Oklahoma Woman Who Wrongly Served 20 Years for the Murder of Her Infant Son Exonerated Based on DNA and Other Previously Undisclosed Evidence

09.12.14

(Tulsa, OK – September 12, 2014) With the consent of Tulsa District Attorney Tim Harris, a Tulsa court today exonerated Michelle Murphy of the murder of her infant son based on new DNA evidence and other previously undisclosed evidence pointing to her innocence. Recent DNA testing of crime scene evidence points to an unknown male as the real perpetrator. In the course of representing Murphy, lawyers also uncovered other evidence pointing to Murphy’s innocence that was known to the prosecution at the time of trial but never disclosed to the defense.

“This day has been a long time coming for Michelle,” said Sharisse O’Carroll, who represented Murphy along with her law partner Richard O’Carroll.  “Not only did she suffer the tragedy of losing her beloved child but also the injustice of being wrongly incarcerated for 20 years for his murder that she did not commit.”
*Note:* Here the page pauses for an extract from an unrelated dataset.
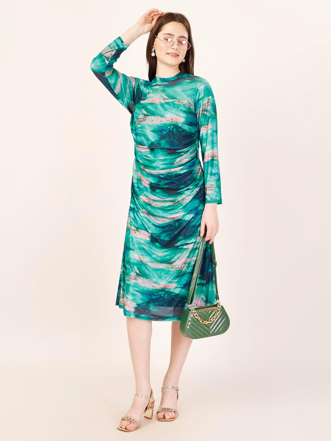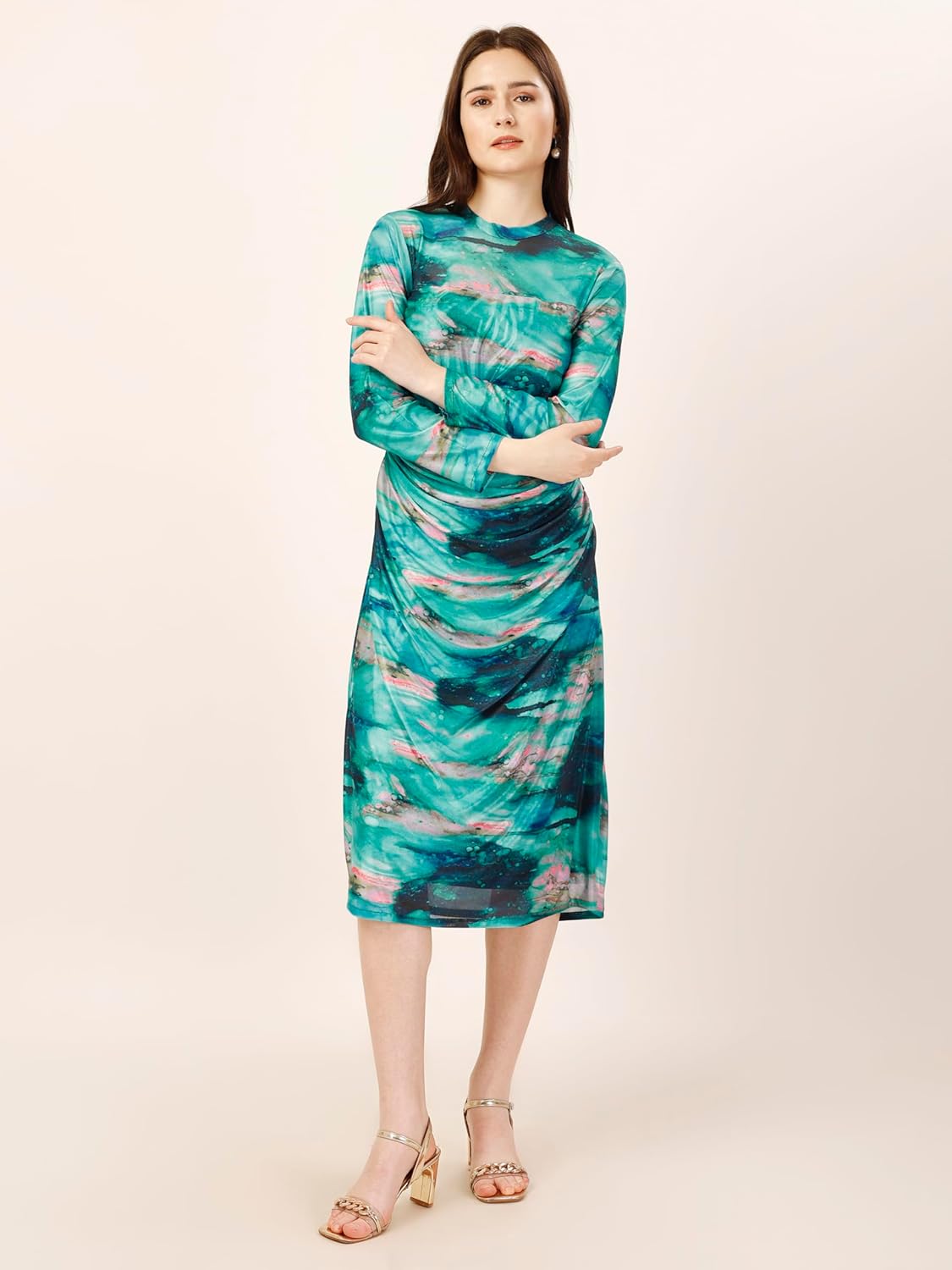 The multi colour & print all over , this midi dress will become your party outfit. The silhouette give it a subtle yet elegant appeal. Top it off with minimal jewellery and heels for classic look.

Exactly 20 years ago today, Murphy’s 15-week-old son was brutally stabbed to death on September 12, 1994.  Murphy, just 17 at the time, was in her apartment with her new son and other child on the night of the murder.  Murphy later woke up and discovered her child’s body in the kitchen.  She immediately went to a neighbor and called the police.

Murphy was convicted of the crime in 1995 based largely on what we now know was a false confession.  After hours of interrogation, Murphy, who was very young and had just learned that her son had been brutally murdered, was coerced into claiming that she accidentally killed her baby when she knelt down to pick up a knife following a confrontation with a neighbor.  The prosecution also falsely implied to the jury that blood recovered from the scene matched Murphy’s blood type.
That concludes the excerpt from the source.